Tuesday, February 07, 2012

Greece Needs a Better, not Just a Smaller State

To secure a second bailout, the Greek government is pledging to cut an additional 15,000 public sector jobs by 2012. Such a move is necessary. But Greece also needs a plan to improve the capabilities of the state not just shrink its size. 

Greece’s state is not too big relative to other European countries, at least not when looking at state spending as a share of GDP: at 44% (excluding interest), the Greek government spends less than the Eurozone average of 48%. Therefore, we cannot frame Greece’s problem simply as “the state spends too much.” Rather, the problem is that the Greek state *wastes* too much, and that the people do not get their money’s worth. At issue is not merely the level of spending but also its efficiency. If Greece got Scandinavian-type services, it could survive with such a big state. But it does not. 

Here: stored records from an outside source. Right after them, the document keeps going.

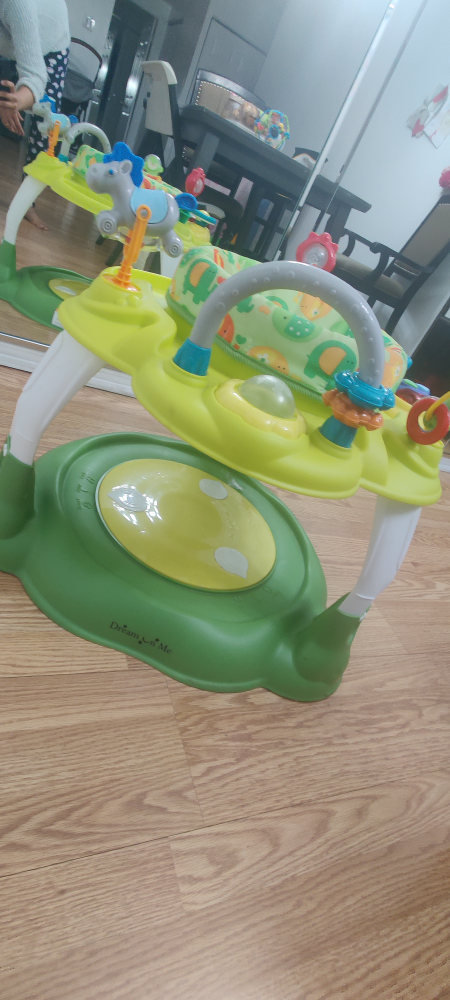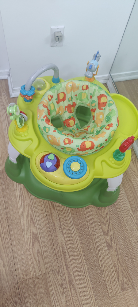 Dream On Me baby activity center in excellent condition. This activity center features a sturdy base with an attached disc, allowing your baby to bounce and jump safely while enjoying interactive play. The bright and colorful design, combined with engaging toys, makes it perfect for developing motor skills and keeping your little one entertained. The seat rotates 360° for full access to all activities. Clean and ready to use!
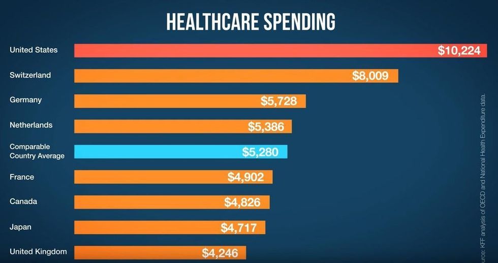 The US spends over double the amount of money per person on healthcare than the UK, despite Britain having a free national health service.
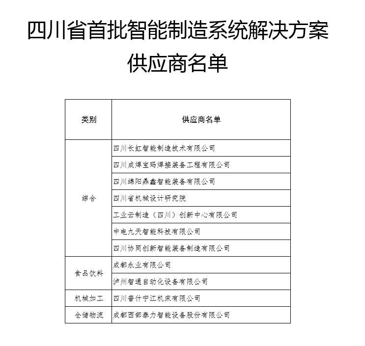 近日,省经济和信息化厅公布四川省首批智能制造系统解决方案供应商名单,四川长虹智能制造技术有限公司、四川成焊宝玛焊接装备工程有限公司等11家企业榜上有名。
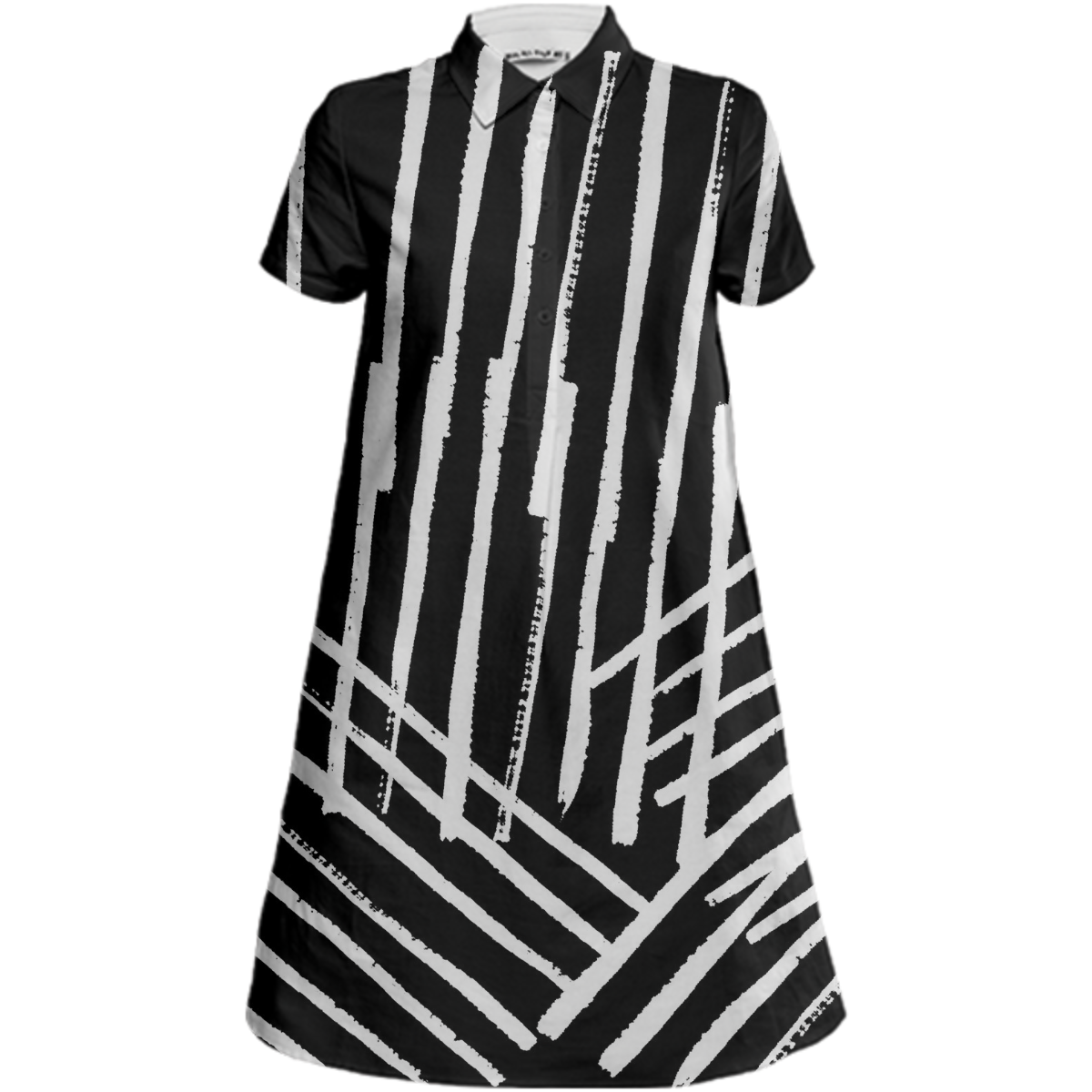 Sporty a-line collared mini dress with short sleeves a 5-button front placket and side seam pockets.
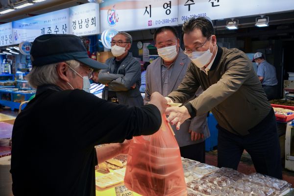 고영권 부지사는 이날 동문시장 내 점포들을 둘러보며 코로나 사태 장기화로 인해 어려움을 겪고 있는 상인들을 만나 애로사항을 청취하고 격려했다.
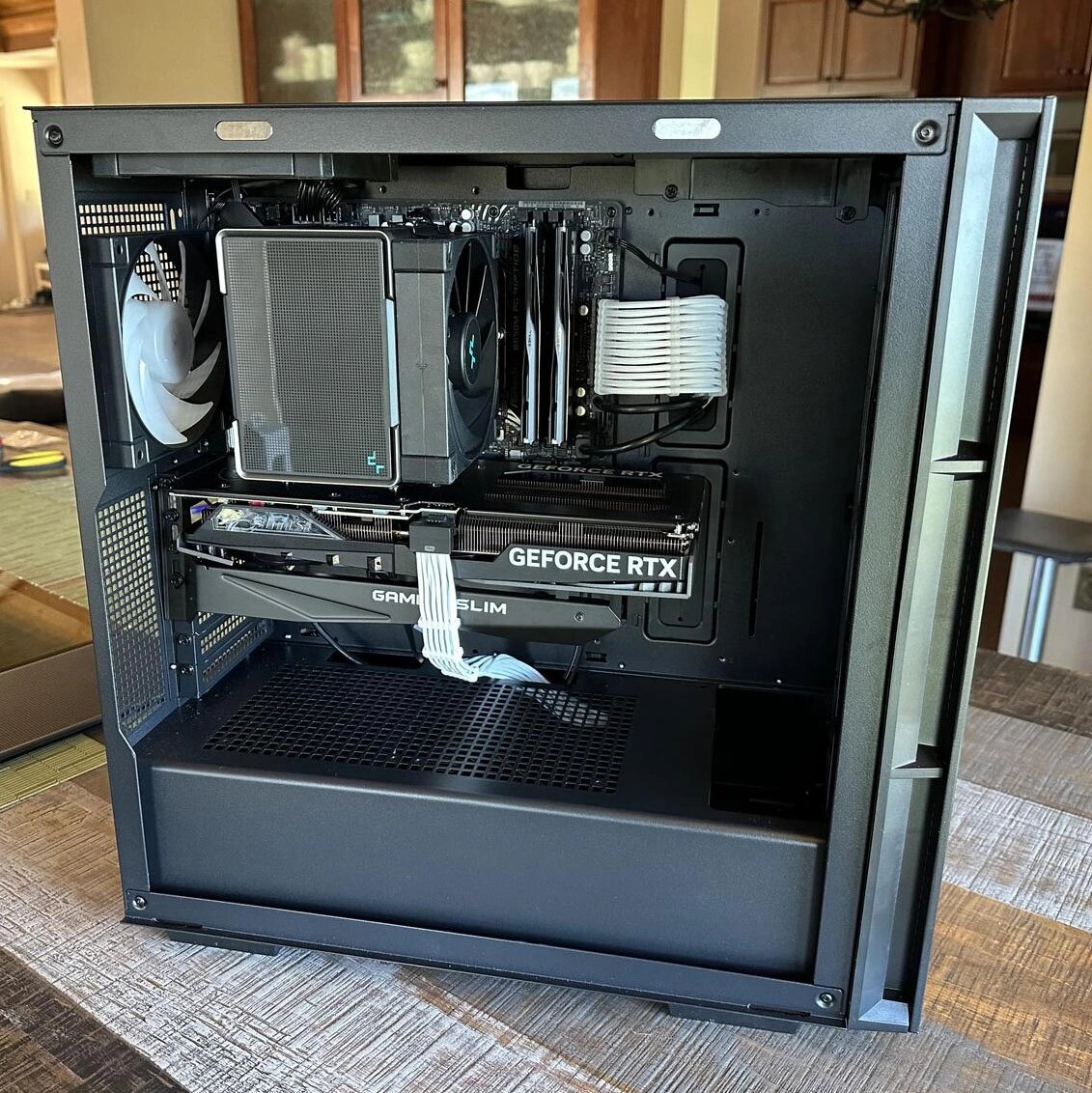 Собрал игровой ПК для брата, он хотел что-то, способное тянуть игры на ультра настройках в 1440p, и при этом не разорить свой кошелек))) С выбором комплектующих особо не спешили и мониторили рынок в поиске выгодных предложений, в первую очередь отдали приоритет цене/производительности, а также позаботились о том что бы иметь возможность апгрейда в будущем. AMD Ryzen 5 7500F 5.0 GHz 6-core MSI SLIM RTX 4070 SUPER 12 GB ASRock B650M PG RIPTIDE 32 GB 6000 CL30 G.Skill Trident Z5 Neo RGB 1 TB SSD PCIe 4.0 MSI SPATIUM M480 PRO DEEPCOOL PN850M 850W 80+ Gold Deepcool AK500 ZERO DARK Deepcool CH560 Mid Tower Бюджет — 150 000 ₽ ФОТО ЗДЕСЬ...

The core problem is accountability. Simply put, Greece solved a legitimate trade-off with an extreme response. At the turn of the last century, the aftermath of an election would involve the newly elected government firing bureaucrats who supported another party so that it could hire its own constituents into the state sector instead. To stop such a destabilizing practice, Greece instituted a stringent tenure system. But in solving one problem it created two others. First, the practice of firing people ceased but that of hiring did not; as a result, the country had a bias towards higher public sector employment. And second, without the ability to fire people, the state lost its ability to enforce standards. The challenge, therefore, is how to construct a medium path whereby the state does not devolve back into a complete bureaucratic collapse after every election and yet it can reward hard work and punish bad work. 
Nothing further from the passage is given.